# what are the good site to apply for jobs in Singapore



## Suds7

Hello,

What are the good job sites in singapore to start searching for the job. I did a google search and i got lots of result not sure which one is good. 

I already have resume posted on monster [dot]co[dot]in is that resume is also visible to recruiters in Singapore via monster[dot]com[dot]sg

Right now i'm using my old resume which is i'm currently using in India. Do i need to make any changes in Resume for Singapore


----------



## pichuya

There's a few out there.

Jobsdb [dot] com
JobStreet [dot] com [dot] sg

you can try using google.com.sg to do your search for more relevant results.


----------



## jam1

I've received many resumes from Indian Professionals in my course of work. I am sorry to say those resumes that I've seen are unbelievable as they claim to know every programming language from COBOL, FORTRAN to PHP and every software development tool despite only 24 years old and they claimed to be "very proficient" in those languages. 

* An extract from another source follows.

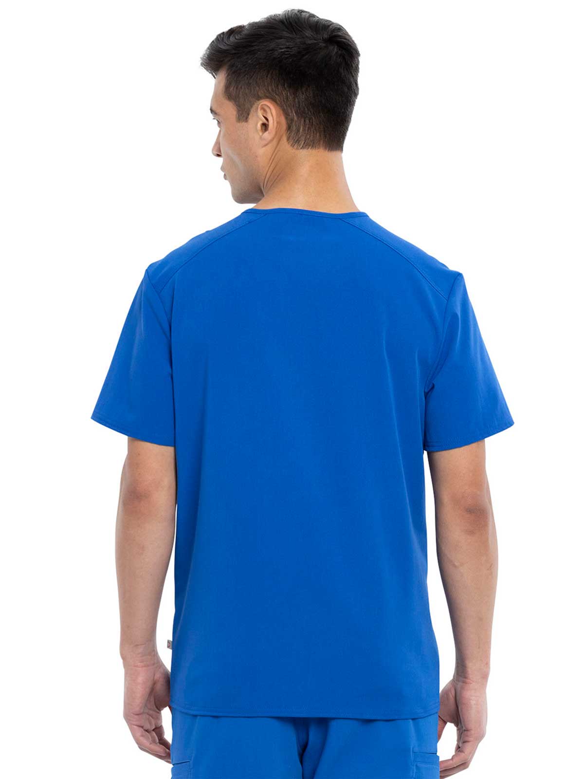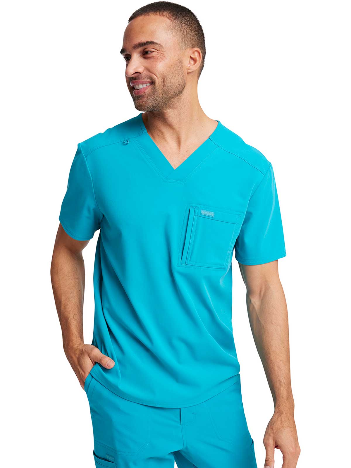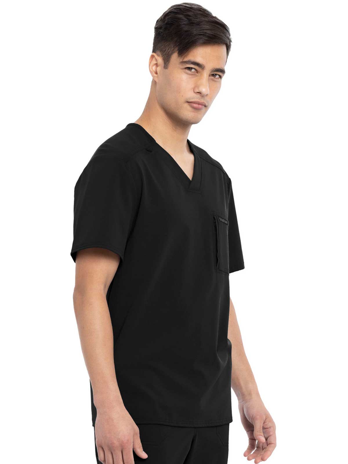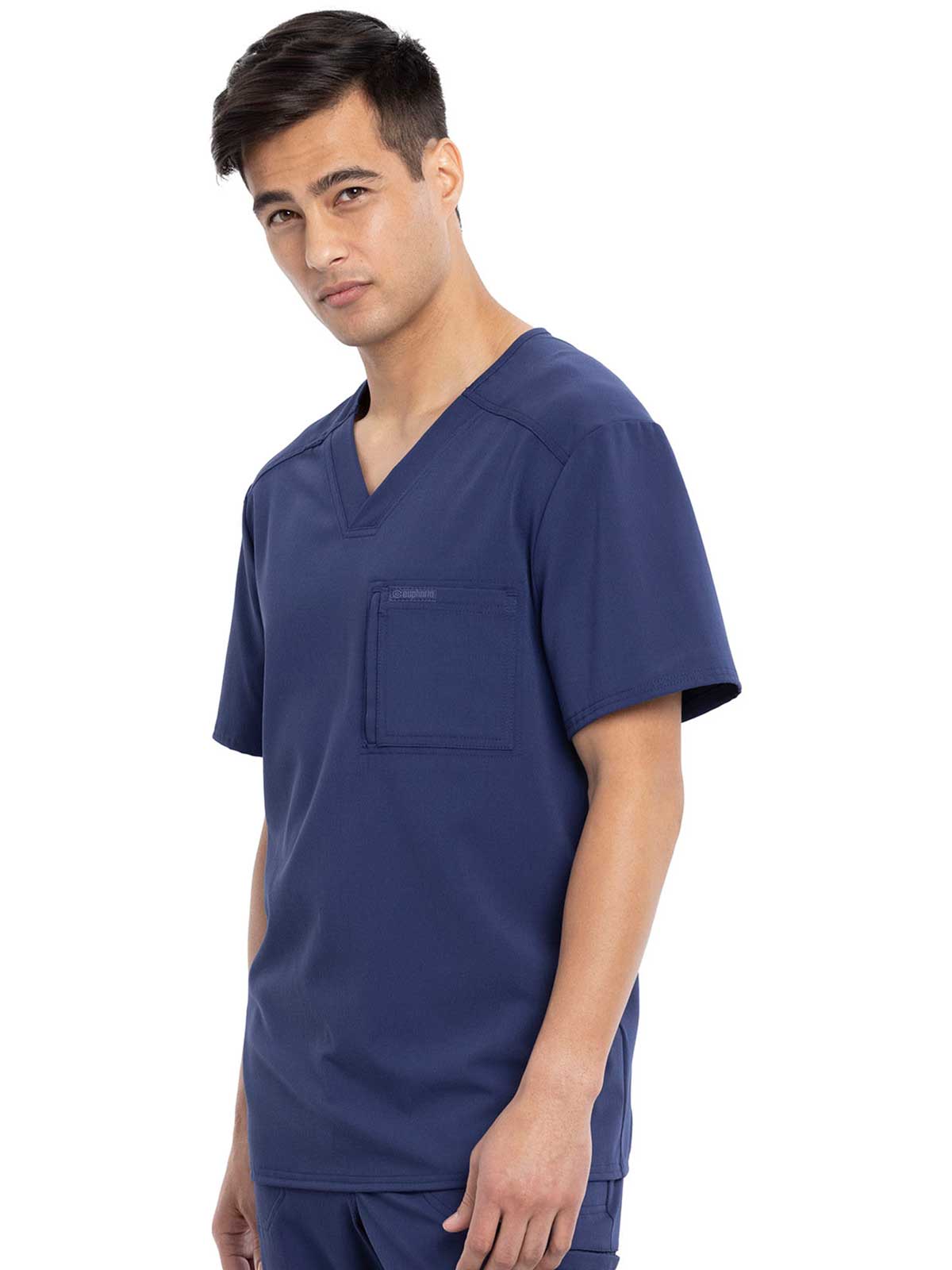 This Men's Modern fit V-neck top features front and back yoke seams plus a bungee ID badge loop on the wearer's right yoke seam. There are two pockets: one welt chest pocket with a zip security pocket. This style looks great tucked in or untucked. Center back length 28"

A 24 years old proficient in almost 20 programming languages?


----------



## Suds7

jam1 said:


> I've received many resumes from Indian Professionals in my course of work. I am sorry to say those resumes that I've seen are unbelievable as they claim to know every programming language from COBOL, FORTRAN to PHP and every software development tool despite only 24 years old and they claimed to be "very proficient" in those languages.
> 
> A 24 years old proficient in almost 20 programming languages?


Thanks for your insights. I have one more question I'm currently in India. Do i need to buy the Singapore local voip number the get the interview calls.


----------



## boroboy

why would you need a sg voip number? most companies dont care about calling abroad.

if you want to get a job in a finance company check out efinancialcareers its pretty good. The have lots of finance IT jobs too.


----------



## Suds7

boroboy said:


> why would you need a sg voip number? most companies dont care about calling abroad.
> 
> if you want to get a job in a finance company check out efinancialcareers its pretty good. The have lots of finance IT jobs too.


I thought having a voip local sg number might help in getting a calls from local recruiters or consultants . Is there any way to get visa sponsor for the Singapore job while in India 

Thanks for suggestion i will put my profile on efinancialcareers


----------



## boroboy

if someone is willing to offer you a job while you are in india then yes they can _try_ to get an employment pass for you.


----------